**Given information**.
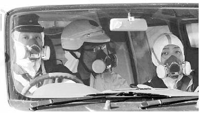 在福島核電站以南10公里的相馬市巡邏的警察。(攝于3月12日下午)
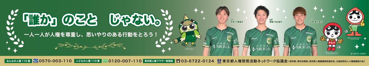 東京ヴェルディでは、『東京都人権啓発活動ネットワーク協議会(東京都、東京法務局、東京都人権擁護委員連合会、公益財団法人人権擁護協力会)』が子ども・若者層に向けて人権問題の正しい理解と認識を広く深めることを目的として行う啓発活動に協力し、11月30日(土)鹿島アントラーズ戦において、オリジナルコラボグッズの配布などを実施します。
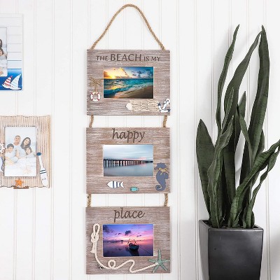 Nautical beach hanging picture photo frames 3 collage 4x6 for home wall decor, brown 9.25x29.5x0.25 juvale. Rated 4.5 out of 5 stars. Vereinen sie im handumdrehen ihre lieblingsfotos in ihre eigene fotocollage! This coastal frame covered in blue sea glass & shells with a starfish accent is perfect for weddings, vacation memories, gifts and more. 4.5 out of 5 stars.

**Problem description**. The whole listing above, minus its pictures, is what you should write out word for word.

**Answer for this exercise**.
 在福島核電站以南10公里的相馬市巡邏的警察。(攝于3月12日下午)
 東京ヴェルディでは、『東京都人権啓発活動ネットワーク協議会(東京都、東京法務局、東京都人権擁護委員連合会、公益財団法人人権擁護協力会)』が子ども・若者層に向けて人権問題の正しい理解と認識を広く深めることを目的として行う啓発活動に協力し、11月30日(土)鹿島アントラーズ戦において、オリジナルコラボグッズの配布などを実施します。
 Nautical beach hanging picture photo frames 3 collage 4x6 for home wall decor, brown 9.25x29.5x0.25 juvale. Rated 4.5 out of 5 stars. Vereinen sie im handumdrehen ihre lieblingsfotos in ihre eigene fotocollage! This coastal frame covered in blue sea glass & shells with a starfish accent is perfect for weddings, vacation memories, gifts and more. 4.5 out of 5 stars.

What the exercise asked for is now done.